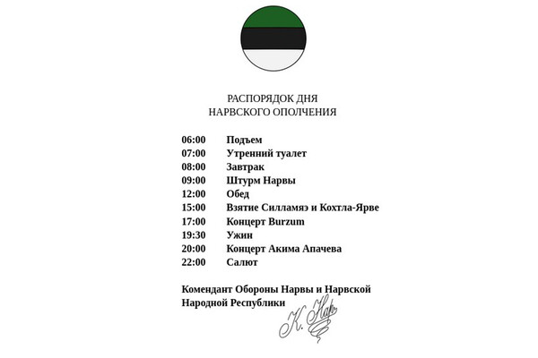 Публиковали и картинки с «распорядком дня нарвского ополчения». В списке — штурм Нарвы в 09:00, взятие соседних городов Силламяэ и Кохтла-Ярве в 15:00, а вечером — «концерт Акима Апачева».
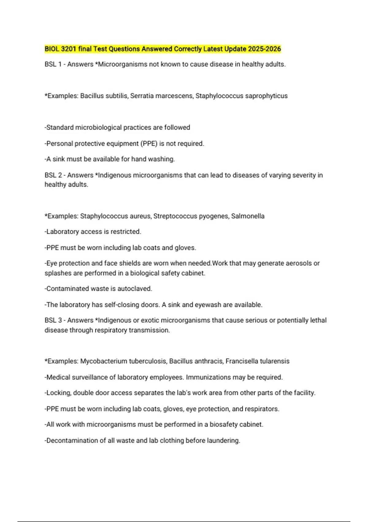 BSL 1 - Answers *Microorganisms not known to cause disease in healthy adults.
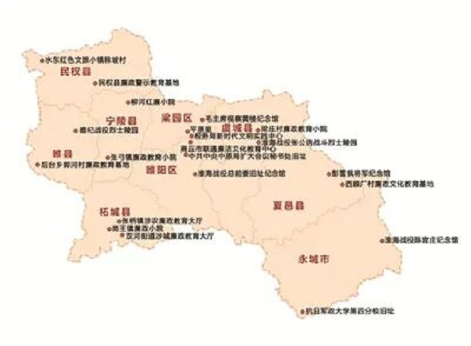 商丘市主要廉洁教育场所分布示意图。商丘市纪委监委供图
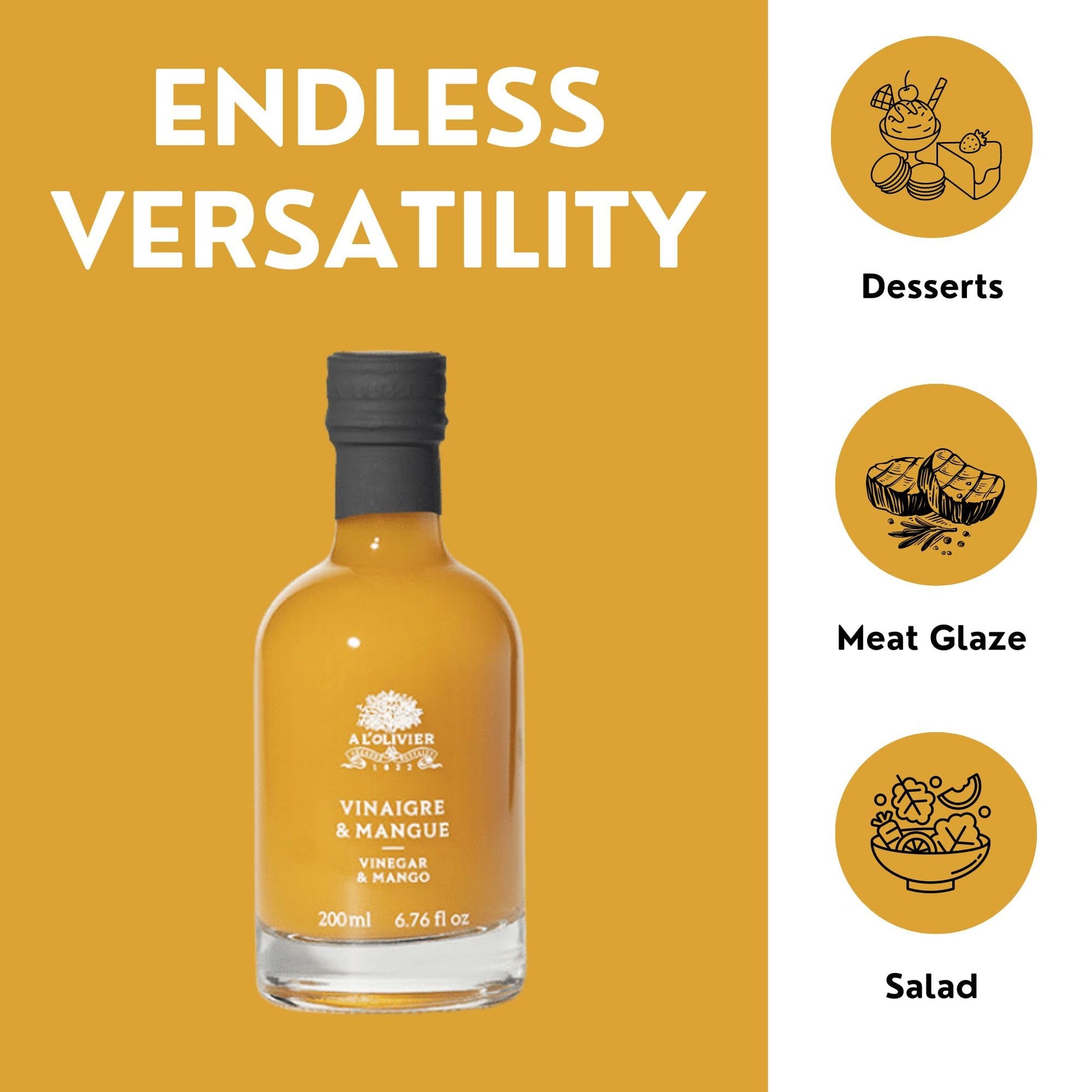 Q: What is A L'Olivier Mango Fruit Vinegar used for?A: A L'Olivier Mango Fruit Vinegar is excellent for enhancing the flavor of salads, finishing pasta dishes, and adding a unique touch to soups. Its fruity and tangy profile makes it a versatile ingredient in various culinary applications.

- [Required work]:
Your reply should contain only an exact copy of the lines from the beginning of the material through the line with "商丘市主要廉洁教育场所分布示意图。商丘市纪委监委供图", both ends included, with the pictures removed.

- [Solution for this task]:
 Публиковали и картинки с «распорядком дня нарвского ополчения». В списке — штурм Нарвы в 09:00, взятие соседних городов Силламяэ и Кохтла-Ярве в 15:00, а вечером — «концерт Акима Апачева».
 BSL 1 - Answers *Microorganisms not known to cause disease in healthy adults.
 商丘市主要廉洁教育场所分布示意图。商丘市纪委监委供图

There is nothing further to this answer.